From: Tejun Heo <tj@kernel.org>
To: axboe@kernel.dk, vgoyal@redhat.com
Cc: ctalbott@google.com, rni@google.com,
linux-kernel@vger.kernel.org, Tejun Heo <tj@kernel.org>
Subject: [PATCH 08/36] blkcg: shoot down blkio_groups on elevator switch
Date: Tue, 21 Feb 2012 17:46:35 -0800 [thread overview]
Message-ID: <1329875223-5102-9-git-send-email-tj@kernel.org> (raw)
In-Reply-To: <1329875223-5102-1-git-send-email-tj@kernel.org>
Elevator switch may involve changes to blkcg policies. Implement
shoot down of blkio_groups.
Combined with the previous bypass updates, the end goal is updating
blkcg core such that it can ensure that blkcg's being affected become
quiescent and don't have any per-blkg data hanging around before
commencing any policy updates. Until queues are made aware of the
policies that applies to them, as an interim step, all per-policy blkg
data will be shot down.
* blk-throtl doesn't need this change as it can't be disabled for a
live queue; however, update it anyway as the scheduled blkg
unification requires this behavior change. This means that
blk-throtl configuration will be unnecessarily lost over elevator
switch. This oddity will be removed after blkcg learns to associate
individual policies with request_queues.
* blk-throtl dosen't shoot down root_tg. This is to ease transition.
Unified blkg will always have persistent root group and not shooting
down root_tg for now eases transition to that point by avoiding
having to update td->root_tg and is safe as blk-throtl can never be
disabled
-v2: Vivek pointed out that group list is not guaranteed to be empty
on return from clear function if it raced cgroup removal and
lost. Fix it by waiting a bit and retrying. This kludge will
soon be removed once locking is updated such that blkg is never
in limbo state between blkcg and request_queue locks.
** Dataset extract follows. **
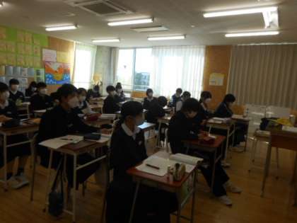 外角の和を求めよう 2−C数学 公開日 2022/10/26 更新日 2022/10/26 芝園の一日 10月26日(水) 1限 2−Cの数学の授業風景です。これまで学習したことをもとに、多角形の内角や外角の和について、求め方を考えました。

blk-throtl no longer shoots down root_tg to avoid breaking
td->root_tg.
Also, Nest queue_lock inside blkio_list_lock not the other way
around to avoid introduce possible deadlock via blkcg lock.
-v3: blkcg_clear_queue() repositioned and renamed to
blkg_destroy_all() to increase consistency with later changes.
cfq_clear_queue() updated to check q->elevator before
dereferencing it to avoid NULL dereference on not fully
initialized queues (used by later change).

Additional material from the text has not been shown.